Additional Discussion¶
- The core innovation lies in transforming the problem from a single dimension to a multi-dimensional analysis framework, providing a more comprehensive understanding perspective.
- The experimental design covers diverse scenarios and baselines, with statistically significant results.
- The modular design of the method facilitates extension to related tasks and new datasets.
- Open-sourcing the code and data provides significant value for community reproduction and follow-up research.
- Compared to concurrent works, this paper demonstrates advantages in the depth of problem formulation and the comprehensiveness of experimental analysis.
- The paper follows a clear logical structure, forming a complete loop from problem definition to method design to experimental validation.
- The computational overhead of the method is reasonable, supporting practical deployability.
- Future work may consider fusion with additional modalities (e.g., audio, 3D point clouds).

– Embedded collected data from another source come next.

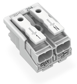 Leuchtenanschlussklemme; Drücker extern; ohne PE-Kontakt; 2-polig; Leuchtenseite: für eindrähtige Leiter; Inst.-Seite: für alle Leiterarten; max. 2,5 mm²; Umgebungstemperatur max. 85 °C (T85); weiß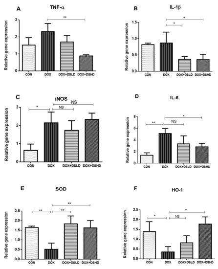 (A–F) Effects of diosmin pretreatment on the gene expression of inflammatory and antioxidants genes. Data are presented as mean ± SD (n = 3), where ** p < 0.01, * p < 0.05 and NS p > 0.05. CON, control group; DOX, doxorubicin group; DOX + DSLD, group of doxorubicin and diosmin 100 mg/kg; DOX + DSHD, group of doxorubicin and diosmin 200 mg/kg.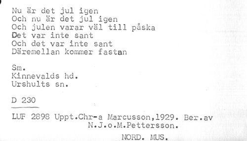 //// Nu är det jul igen //// Och nu är det jul igen //// Och julen varar väl till påska //// Det var inte sant //// Och det var inte sant //// Däremellan kommer fastan //// Sm. //// Kinnevalds hd. Urshults sn. //// D 230 //// LUF 2898 Uppt#Chr-a Marcusson,1929. Ber.av //// N.J.o.M.Pettersson. //// NORD. MUS. ////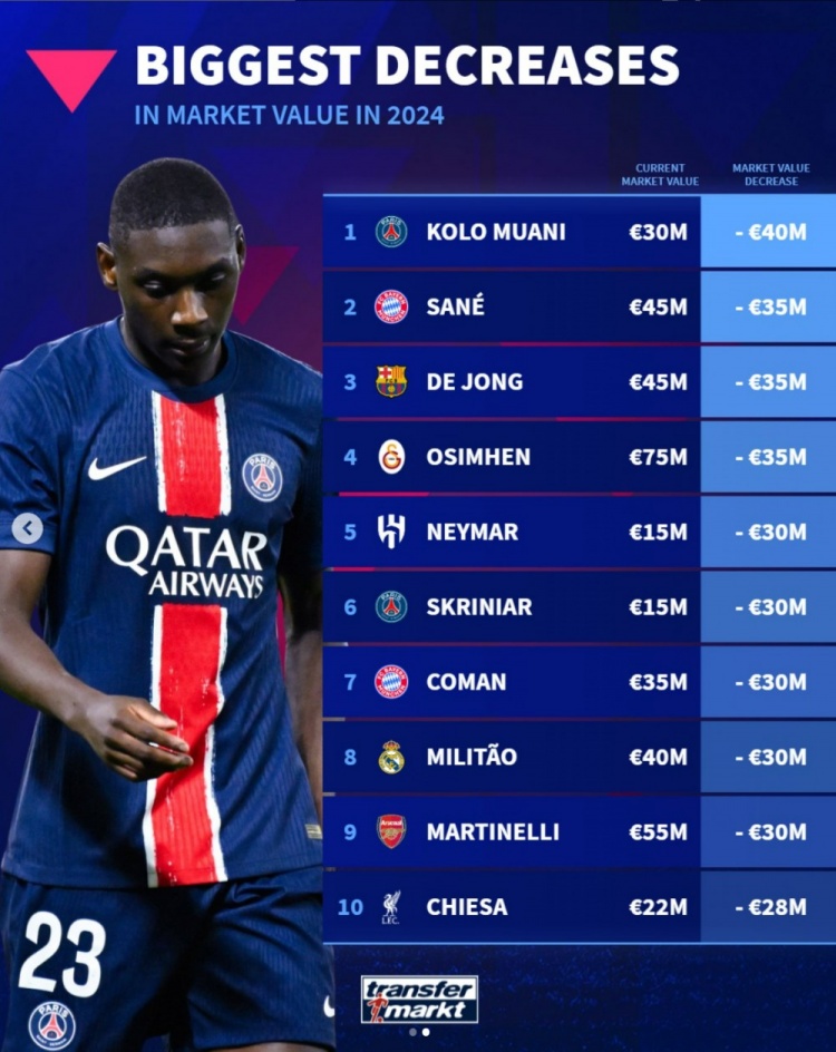 德转列2024年身价跌幅最大榜:穆阿尼-4000万欧居首,萨内次席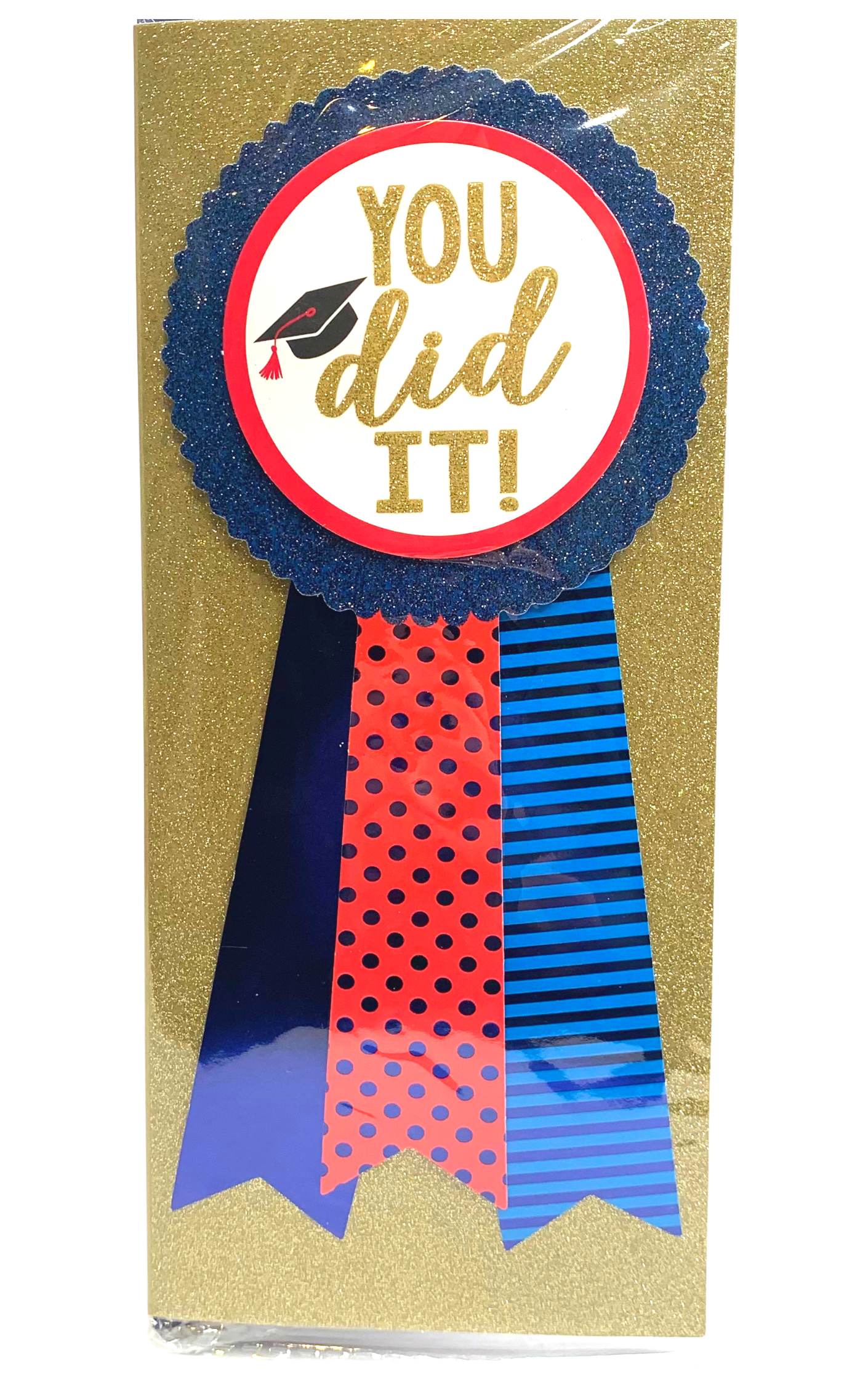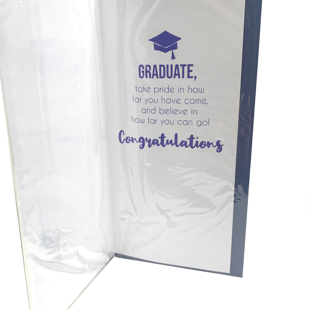 - Inside reads: "Graduate, take pride in how far you have come, and believe in how far you can go! Congratulations"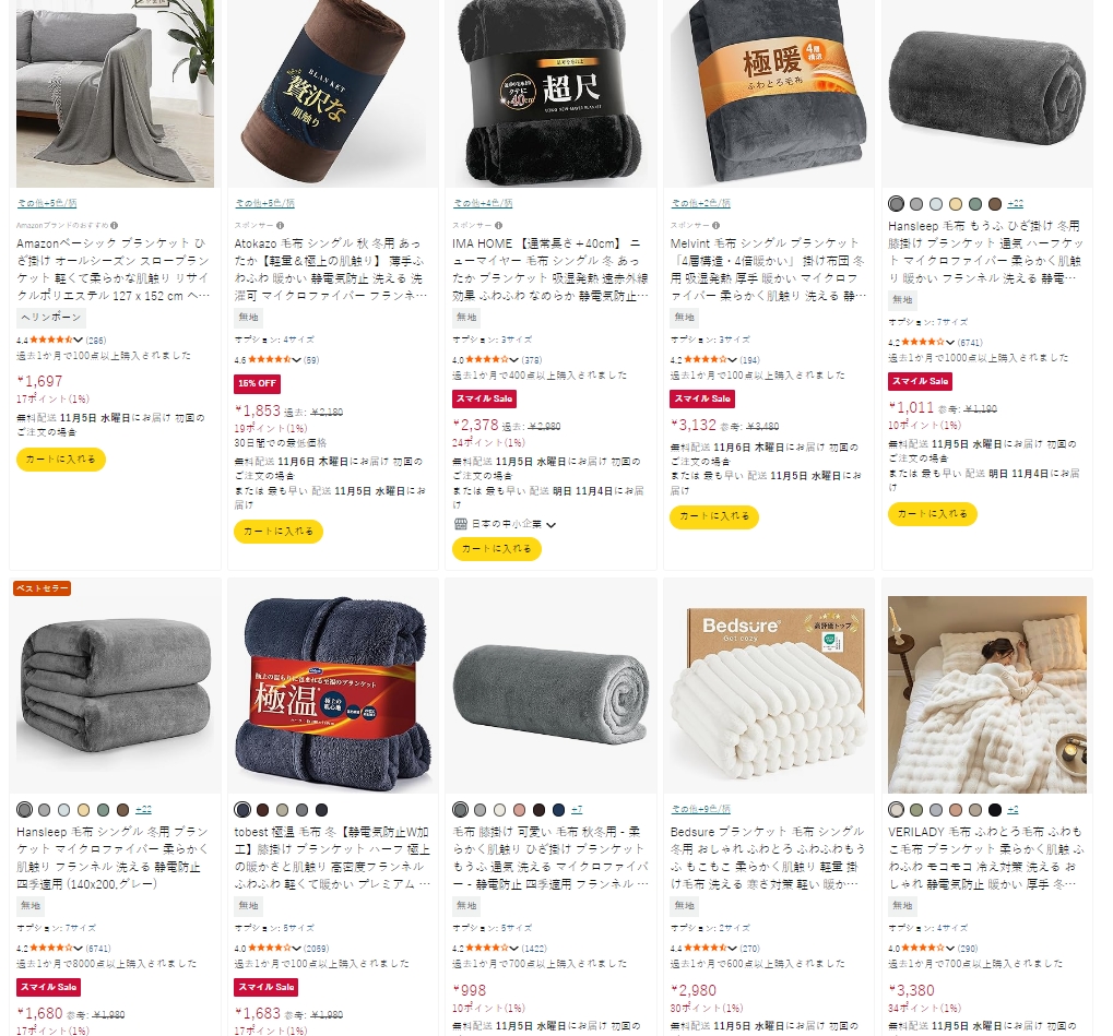 また、ブランケット1枚+枕カバー2枚のセット販売も人気です。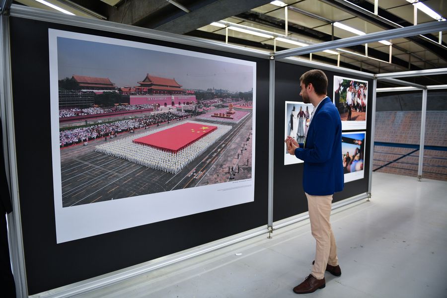 A visitor views photos during the third edition of the BRICS Media Joint Photo Exhibition in Sao Paulo, Brazil, Oct. 30, 2019. (Xinhua/Xin Yuewei)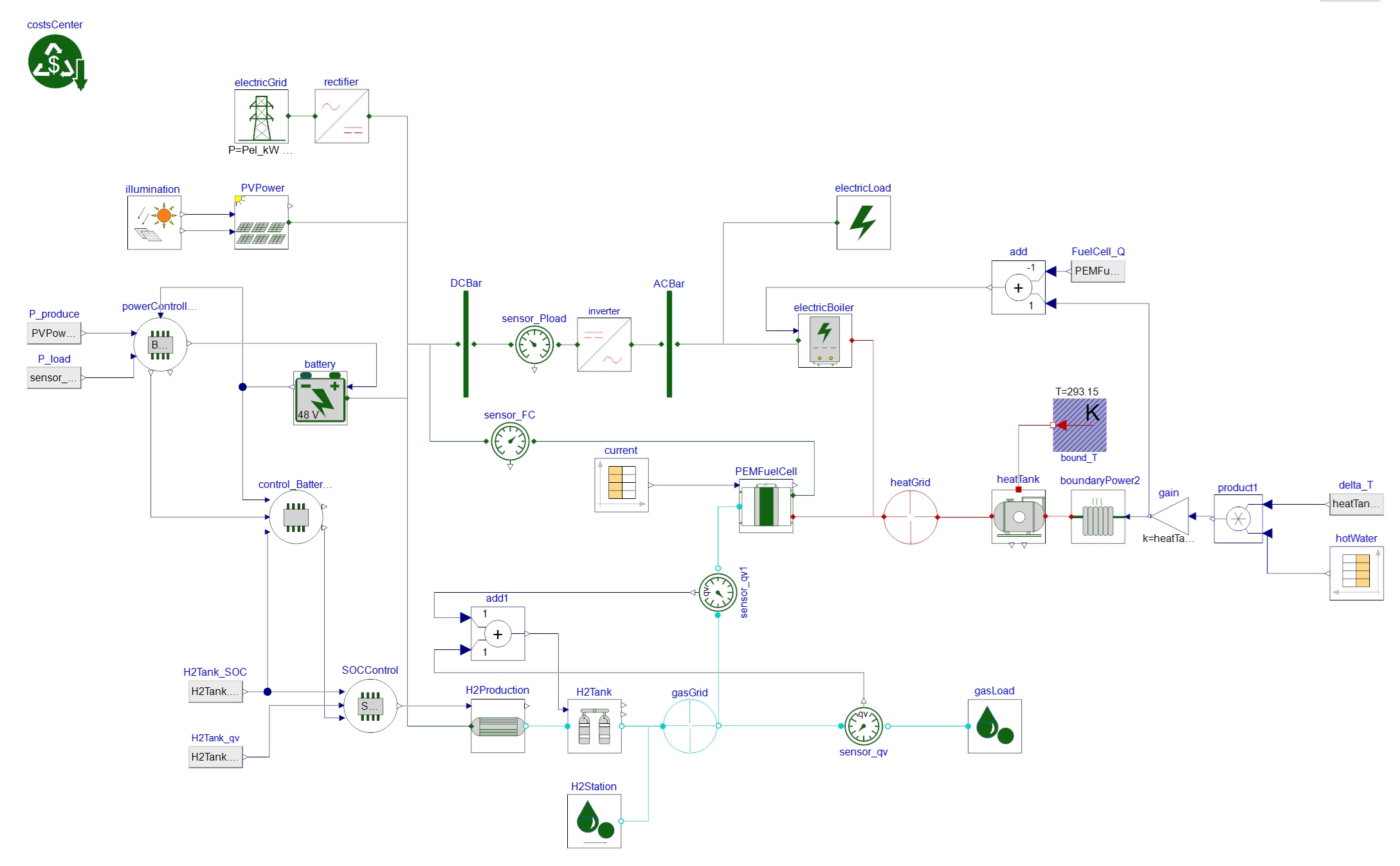 TYIntegratedEnergySys 综合能源系统模型库提供了包含电、热、冷、气多能源形式的生产、转换、传输、储存、消耗设备,主要包括:风力发电系统、光伏发电系统、电解制氢系统、热泵、锅炉、制冷机、蓄电池等设备模型,覆盖了综合能源系统常用的典型实例。该模型库支持综合能源系统的运行状态模拟、运行优化、设备选型等,且支持区域级多能源系统规划与耦合仿真。

- Validating the scalability of the method on larger data and models is an important future direction.
- Combining the method with end-to-end reinforcement learning optimization is a worthwhile direction to explore.
- Cross-domain transfer is worth investigating, as the generality of the method requires further validation.
- Lightweight variants of the method for edge computing and mobile deployment scenarios merit further study.
Rating¶
- Novelty: ⭐⭐⭐⭐ Large-scale egocentric causal reasoning dataset construction is a significant contribution.
- Experimental Thoroughness: ⭐⭐⭐⭐ Validated with SOTA results across multiple benchmarks.
- Writing Quality: ⭐⭐⭐⭐ Clear framework presentation with thorough description of data construction.
- Value: ⭐⭐⭐⭐⭐ Directly valuable for wearable assistants and embodied AI.